A new category of television now available for purchase enables two viewers watching from different angles to view different full-screen high-definition content. The Samsung 55-inch Curved OLED TV retails for about $9,000 and boasts “deep blacks and vibrant colors, while providing an immersive experience with improved viewing angles.”
Can you see yourself buying something like this? Let’s say the price comes down in a couple of years, which it surely will. Does the notion of watching something completely different from the person next to you carry appeal?
Scoffs come cheap. Putting the question to my Facebook friends produced a list of emphatic negatives. “Might as well not be near each other if not sharing the experience,” one wrote. “As if technology isn’t creating more isolation and poorer communication already! Arrgh!” exclaimed another.
Yet, there was a time when the notion of having multiple televisions in the same home seemed isolating and extreme. Remember this scene from Back to the Future when Marty McFly has dinner with his seventeen-year-old mother Lorraine and her family in 1955?
Lorraine Baines: It’s our first television set. Dad just picked it up today. Do you have a television?
Marty McFly: Well, yeah. You know we have… two of them.
Milton Baines: Wow! You must be rich.
Stella Baines: Oh, honey, he’s teasing you. Nobody has two television sets.
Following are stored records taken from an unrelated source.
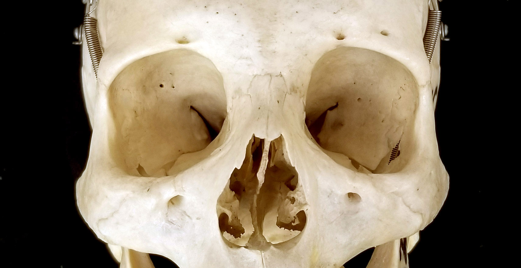 Adult human skull with two supraorbital foramen on left side. Anterior view of orbital region. |
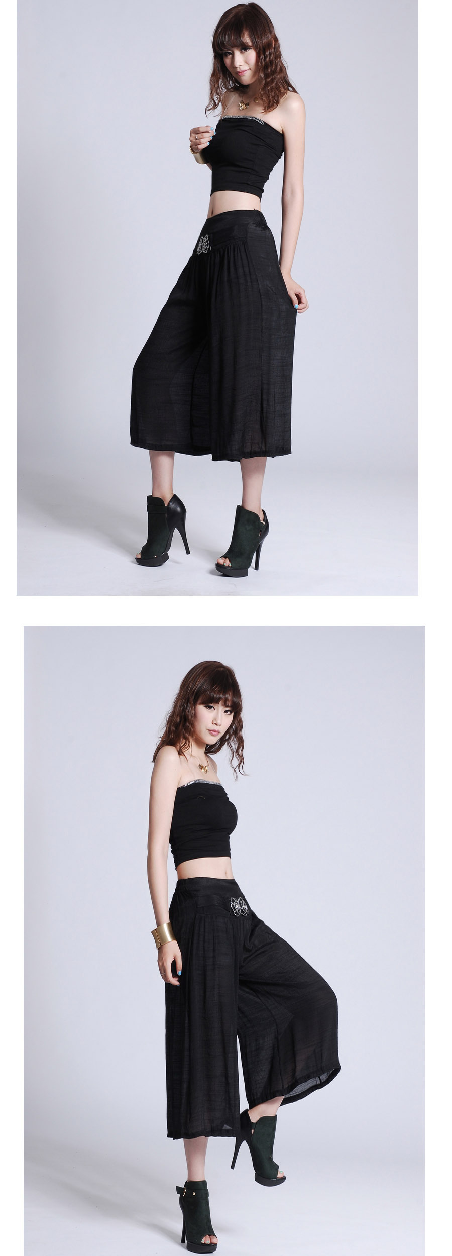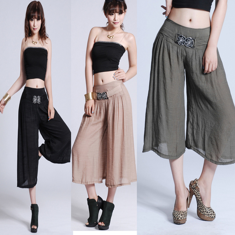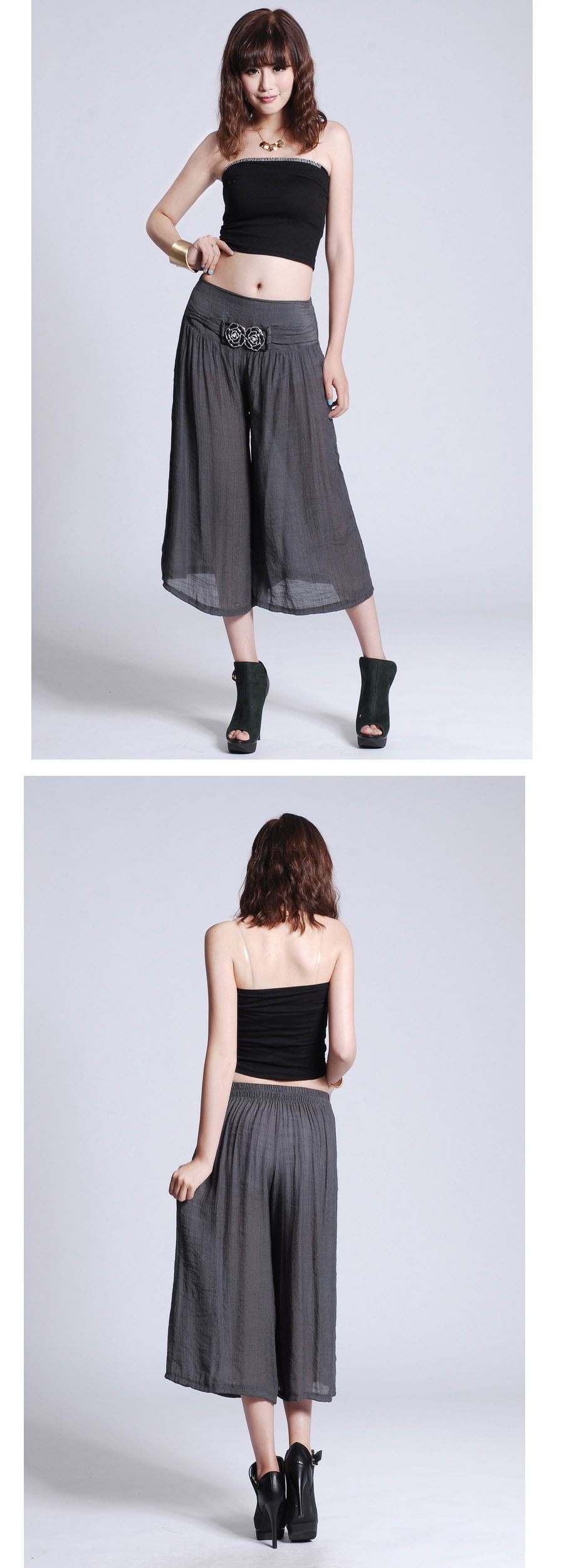 此寶貝特點就是溥而寬松,穿著時尚舒服透氣,面料也是很不錯的棉加麻好面料.寶貝簡單大方適合的年齡跨度很大,只要是成年女性朋友都好穿 產品簡要介紹:清涼夏季 超薄冰絲棉麻闊腿七分褲 裙褲/七分褲裙 休閑燈籠褲
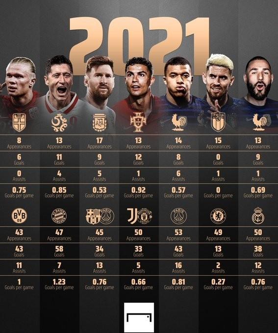360直播吧12月29日讯 进球网日前统计了哈兰德、莱万、梅西、C罗、姆巴佩、若日尼奥和本泽马七名球员2021年的数据,莱万在俱乐部场均进1球最多。
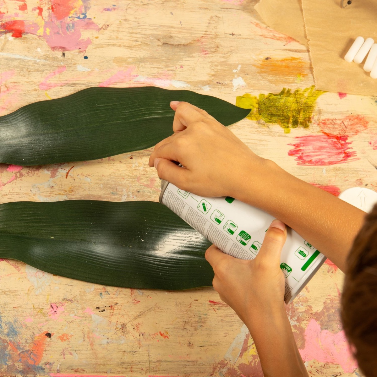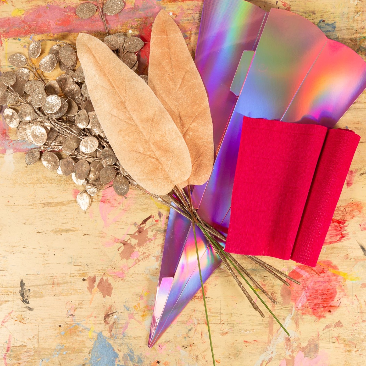 1. Separate the large leaves from the stem, colour them with the desired colour and leave to dry.
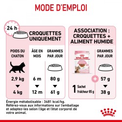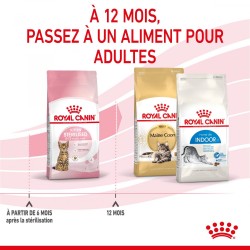 Chaton stérilisé de 6 mois à 12 mois .Aliment complet et équilibré spécialement élaboré pour le chaton stérilisé à partir de 6 mois jusqu'à 12 mois. Croissance et poids de forme Après la stérilisation, les besoins du chaton changent. KITTEN STERILISED l'aide à limiter la prise de poids grâce à une teneur adaptée en matières grasses et lui apporte le juste équilibre en nutriments (protéines, calcium, phosphore) pour une fin de croissance harmonieuse. Défenses naturelles Aide le chaton à soutenir ses défenses naturelles grâce à un complexe d'antioxydants et des prébiotiques. Santé digestive des protéines hautement digestibles (L.I.P) pour une bonne santé digestive et des prébiotiques pour l'équilibre de la flore intestinale.
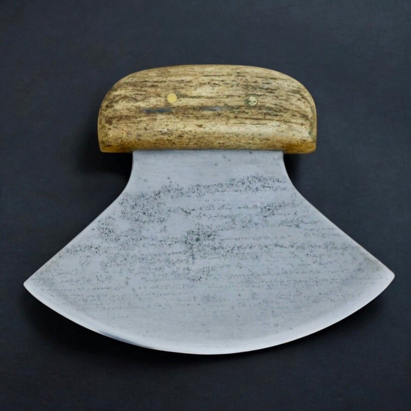 Steller's Sea Cow Bone Handle Ulu Knife Sold individually*Maynard Linder Ulu Knives are handmade in Homer, Alaska from carpenters' handsaw steel with a high carbon content. This type of steel is preferred for its lightness, flexibility and ability to take
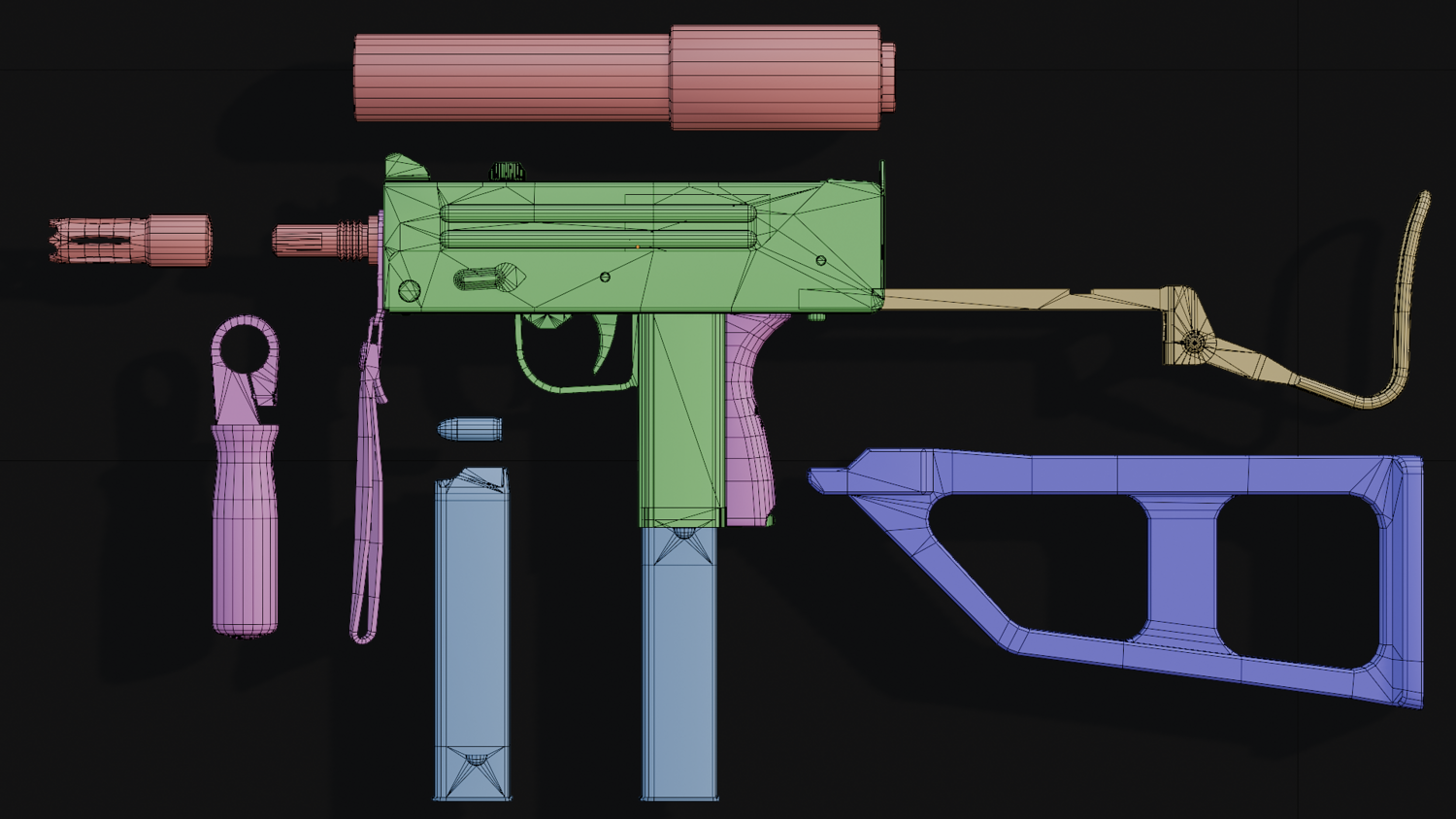 A Mac 11 smg base mesh with different attachments. Ready for your textures. Game-ready lowpoly and highpoly meshes are provided.
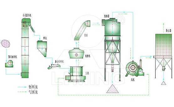儲存在原料庫中的物料,經破碎機破碎后通過提升機提至調節料倉,再經電磁振動給料機送入歐版磨主機內進行粉磨,在此環節除鐵器將含鐵異物排除,確保主機內部正常運作。物料在磨粉機內部通過磨輥和磨環的相互碾壓、研磨而被粉碎,粉碎后的物料在風力的作用下吹向選粉機進行分選,分選后的合格物料經管道進入旋風集粉器收集,經卸料閥輸出即為成品,未達到細度要求的物料重新回到主機再次研磨,粉磨后的成品通過提升機提至成品料罐儲存。
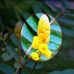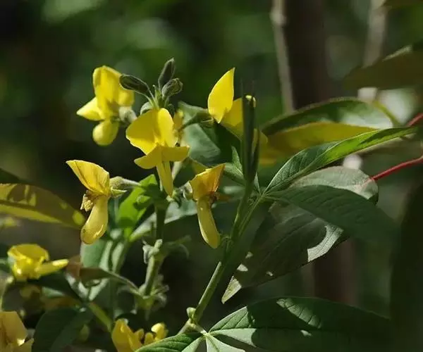 花冠黄色,旗瓣阔心形,瓣片长约2.5厘米,宽2厘米,先端凹,瓣柄长约6毫米,翼瓣稍短,长约2.3厘米,宽8毫米,先端钝圆,龙骨瓣长约3厘米,宽9-10毫米;子房线形,具短柄,密被黄色绢毛,胚珠2-10粒。
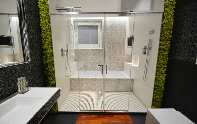 L’ambiente bagno, realizzato con materiali di pregio, è dotato di tutti i comfort ed è stato concepito come luogo naturale dedicato al proprio benessere; la differente scelta del rivestimento, scuro con venature in platino nell’antibagno e chiaro con venature in oro nella zona dotata di cromoterapia, doccia a cascata e vasca con tv, divide visivamente le funzioni, passaggio sottolineato dalla presenza del portale in muschio
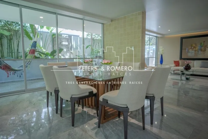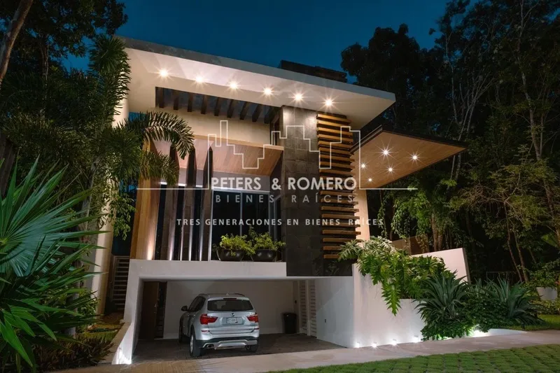 Vive en uno de los desarrollos más exclusivos y atractivos de Playa del Carmen en esta estupenda residencia en dos niveles. Ubicada en Ciudad Mayakobá, a tan solo 5 minutos de la playa en un conjunto residencial con excelente seguridad. La casa tiene una sensacional arquitectura contemporánea. En la planta baja cuenta con una amplia y fresca terraza rodeada de un jardín tropical. Su área social tiene concepto abierto con una moderna cocina totalmente equipada y bonitas vistas a la terraza desde su sala-comedor. Pisos de mármol italiano y mini-splits en diversas zonas de la casa. En su área privada se encuentran sus cómodas recámaras con baños privados y un estudio que puede ser una cuarta recámara. La terraza del segundo nivel es un verdadero oasis, con su confortable sala, cocina exterior y jacuzzi con capacidad para 6 personas. Ideal para reuniones con la familia y amigos. Dentro de la privada donde se ubica la casa hay un cenote, con todos los atractivos que ello ofrece. No dejes de conocer esta maravillosa casa, que puede ser el hogar de tus sueños! * El precio y disponibilidad está sujeto a cambios sin previo aviso * * El precio anunciado es más gastos de escrituración e impuestos * * Los muebles y decoraciones son soló con fines ilustrativos, no van incluidos en el precio *
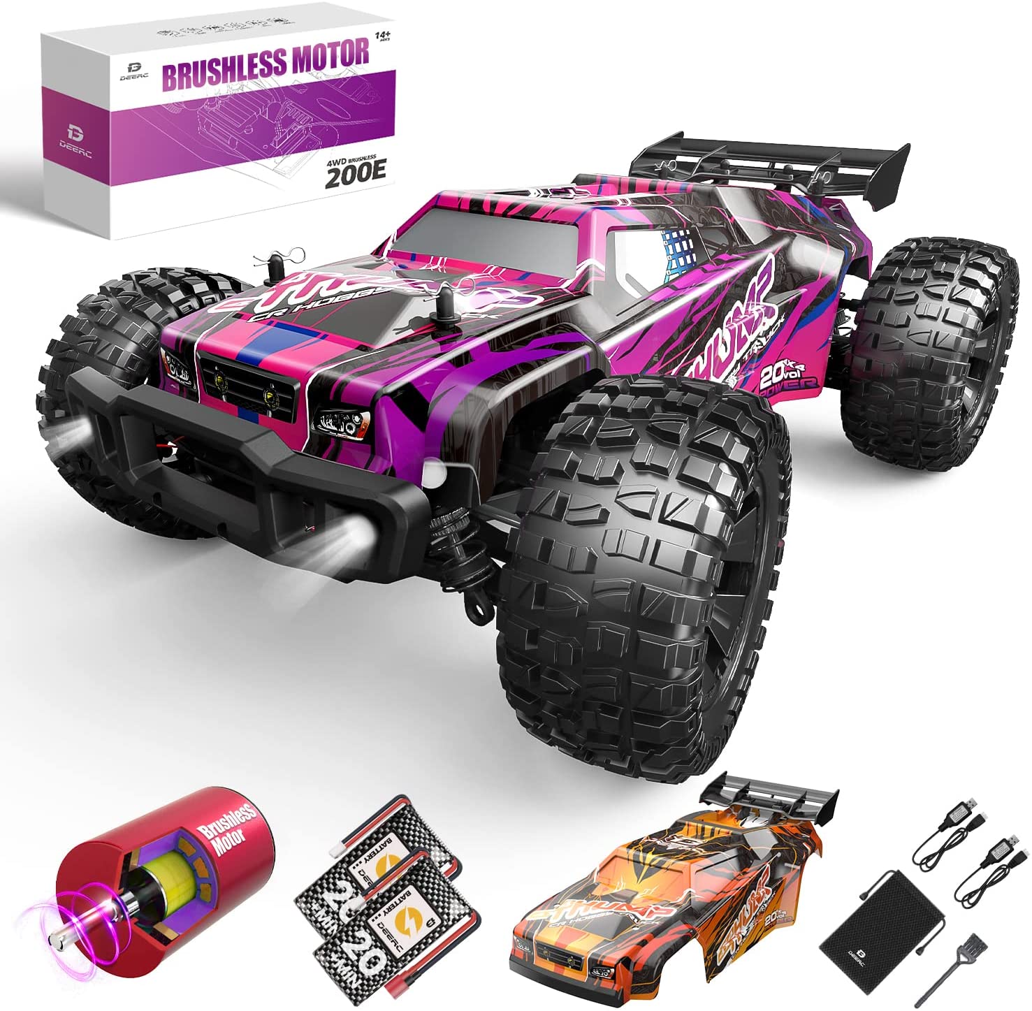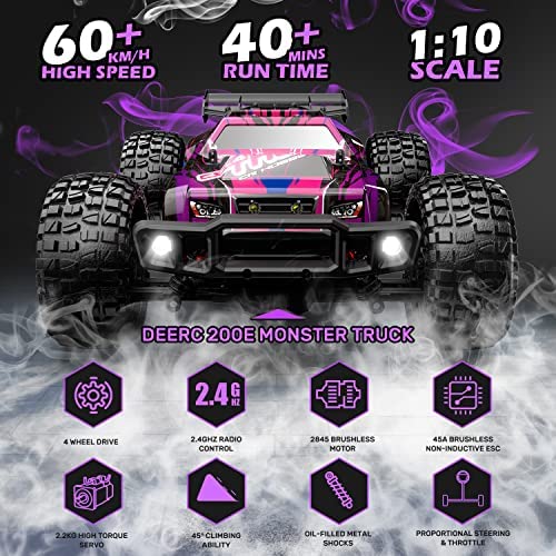 2021 Upgraded 1:10 Brushless High-Speed Remote Control Car: The newly designed 200E high-speed Remote Control Car in 2021 is equipped with a professional 45A brushless sensorless ESC and a 2845 brushless motor. With the help of dual heat sinks, its performance can be maximized, and output incredible motor power, perform 19240 revs per minute, which made a huge enhancement for the acceleration and allows the remote control car to have a top speed of awe-inspiring 60+KM/H. Nothing can stop DEERC!
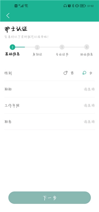 3、填寫性別,職稱,工作年限,職務(wù)都能夠基本信息。
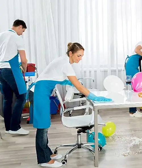 Our after-party cleaning service includes trash collection and disposal, floor cleaning, sanitizing surfaces, cleaning kitchens and bathrooms, and more. Additional services like stain removal or window cleaning can be added upon request.
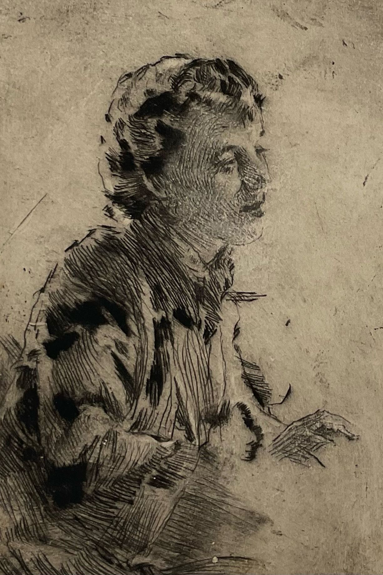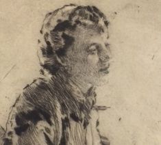 Side portrait of female figure from the chest up. Hands are placed on top of a table. Figure has short hair and is wearing a billowy top. She is looking to the side.Artwork Details
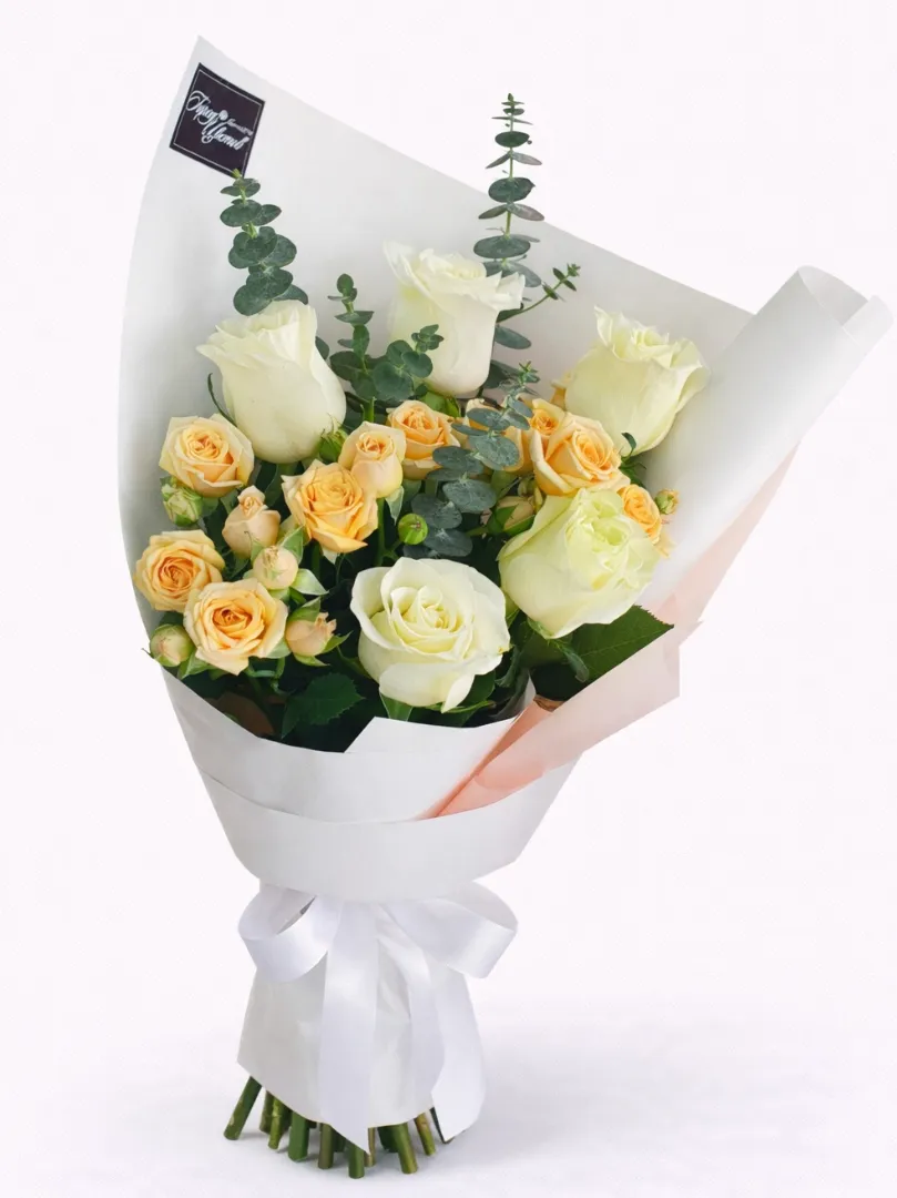 элегантная и светлая композиция, созданная в изысканной кремово-белой гамме. В букете гармонично сочетаются нежные белые розы и кремовые кустовые розы с мягким персиковым оттенком, дополненные веточками эвкалипта, который придаёт композиции свежесть и современный стиль. Лёгкая воздушная упаковка в бело-розовых тонах подчёркивает утончённость букета и делает его универсальным подарком для любого случая. Букет «Бьянка» идеально подходит для поздравления с днём рождения, свадьбой, годовщиной, днём ангела, выпускным или как комплимент близкому человеку. Благодаря качественным свежим цветам композиция долго сохраняет свою привлекательность и станет украшением любого интерьера. Этот букет прекрасно подойдёт для подарка девушке, маме, коллеге, невесте или учителю, выражая искренние чувства, внимание и заботу.
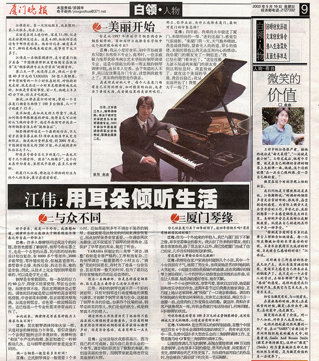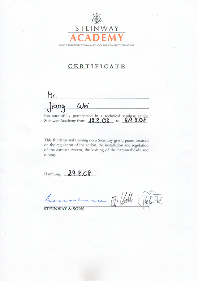 家調(diào)音,獲得廣泛的贊譽(yù),曾連續(xù)3屆擔(dān)任中國國際鋼琴比賽的專家技師?,F(xiàn)任廈門音樂家協(xié)會(huì)鋼琴調(diào)律

That was written in 1985. Today, we not only have a television in every room, but a bunch of smaller screens as well. Tablets, laptops, smartphones, e-readers — everything but Dick Tracy’s watch. As it stands, each person in a five-member family could theoretically watch their own hand-picked content at the same time. So is it really that big of a stretch to watch two shows from the same couch? Technically, it brings people formerly on separate devices closer together.
Worry over isolation may be legitimate. However, a couple of points blunt that concern. First of all, how much are we really bonding when we sit together on the couch watching something? Time spent watching television can barely be considered time spent together. At best, it’s time spent alongside each other. So what does it matter if it’s spent watching the same thing? Second, the interaction which occurs around entertainment might actually be enhanced if each person has something different to talk about.
As technology advances, the individual becomes more empowered to pursue his or her own values. Many of the communal activities which form tradition began as matters of convenience or efficiency. The whole family shared a meal, not primarily in order to spend time together, but because it made more sense to prepare a single large meal for everyone than to prepare several smaller meals for each individual. Of course, that too has changed over the years as technology and business models have evolved alongside once traditional family roles.
We can argue the virtue of the way things used to be, and every generation will wax nostalgic about the traditions of their past. However, in the final analysis, the ability of individuals to choose from a variety of activities increases the value available to them. If anything, time spent together becomes even more precious, because it is based upon shared values rather than scarce resources. Gaggles of girlfriends will still choose to watch chick flicks. Couples will still choose to sit through romantic comedies and action flicks. And parents will still choose to watch animated spectacles with their kids. But those moments will manifest from legitimate communion rather than turn taking.
It may seem odd and unnecessary upon introduction. Then again, so did text messages when they first came on the scene.